Here’s the problem - if you need exactly three bytes then you are going
to
have to apply your own padding, since the pack routines will only pack
directly as a long or a short which will mostly be 4 and 2 bytes - both
of
which could cause you problems. My hacks always involve <<'ing a single
byte
integer onto a string. In your case, here is a horrible oneliner which
you
should not use because it is gross.

num=1024
num.to_s(16)[0…2].instance_eval {(self.reverse + ‘0’ * (6 -
self.length)).reverse}.scan(/…/).inject(‘’) {|s,byte| s <<
byte.to_i(16)}

You could also try googling BitStruct, which is a ruby library that
might
help by defining these headers and footers as structure objects.

Cheers,

ben

Rob L. wrote:

f.pos=AUDIO_CONTENT_HEADER_OFFSET
some header and footer data - something like :
be much appreciated.
Ben’s right, you can use BitStruct for this:

require ‘bit-struct’

class AudioData < BitStruct

unsigned :audio_length, 3*8, :endian => :little
rest :data

Note: don’t use :length as the name of a field, because it will

conflict with the #length method inherited from String.

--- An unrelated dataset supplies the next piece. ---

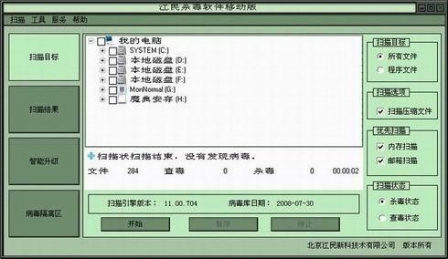 魔典殺毒U盤江民版內部固化了江民殺毒軟件移動版,無需安裝、即插即用,并且就算格式化U盤也不會造成殺毒軟件丟失。作為國內的三大殺毒軟件產品之一的江民科技,在反病毒方面有著近20年的深厚經驗,并且在自我防護方面有獨到之處,完全可以讓用戶不必再為使用U盤的過程中感染并傳播病毒而擔心。

the :endian option can also be :big, :network (== :big), or :native

end

audio_data = AudioData.new

data = “foo bar baz”
audio_data.data = data
audio_data.audio_length = data.length

p audio_data
p audio_data.to_s

END

Output:

#
“\v\000\000foo bar baz”

On Mon, 23 Oct 2006, Rob L. wrote:

Hi

I’ve been modifying a binary file that contains various data including
some audio. I’m trying to add my own audio (instead of the audio in the
file) which I believe I have done but I need to modify the

You’ve had other answers that answer the question as put. Another
approach that may be useful is to look at SNG, a textual means of
accessing the contents of PNG graphics:

http://www.faqs.org/docs/artu/ch06s01.html#id2910193

    HTH
    Hugh

Ben N. wrote:

-----Original Message-----
From: [email protected]
[mailto:[email protected]] On Behalf Of Rob L.
[…]
I’ve been reading the content-length data from
the file
using something similar to :

f=open(config[:file],“rb”)
f.pos=AUDIO_CONTENT_HEADER_OFFSET
length=f.read(3).unpack(“H2H2H2”).hex.to_i

That should die because Array#hex doesn’t exist, but I get the idea. If
you
do this kind of thing a lot with different kinds of data then you should
note that to_i and to_s both take optional base arguments, so
foo.unpack(‘H*’).first.to_i(16) should work

Thanks for pointing that out, it’s strange as the code definately works
(it returns correct content lengths repeatedly for different files) but
as you say Array#hex doesn’t exist - I’ll look into this …

[…]

I’d like to be able to reverse this process and take any an integer
value (1024 in the case shown below) and write it to a binary
file with
some header and footer data - something like :
[…]
mydata += [“1024”].pack(“someformat”)
[…]
However I’m a bit stuck on how to pack the data (if this is
the correct
solution).

Here’s the problem - if you need exactly three bytes then you are going
to
have to apply your own padding, since the pack routines will only pack
directly as a long or a short which will mostly be 4 and 2 bytes - both
of
which could cause you problems. My hacks always involve <<'ing a single
byte
integer onto a string. In your case, here is a horrible oneliner which
you
should not use because it is gross.

num=1024
num.to_s(16)[0…2].instance_eval {(self.reverse + ‘0’ * (6 -
self.length)).reverse}.scan(/…/).inject(‘’) {|s,byte| s <<
byte.to_i(16)}

I’m intrigued by this, I can see you are repacking the int value into
three bytes but I’m still unclear as to how you would then add this to
the file. I guess it needs to be packed as 3 bytes - my guess was

num=1024
newpacket += [num].pack(“3C”)

However this doesn’t seem to work using the reading scheme above. Could
you tell me where I’m going wrong ?

You could also try googling BitStruct, which is a ruby library that
might
help by defining these headers and footers as structure objects.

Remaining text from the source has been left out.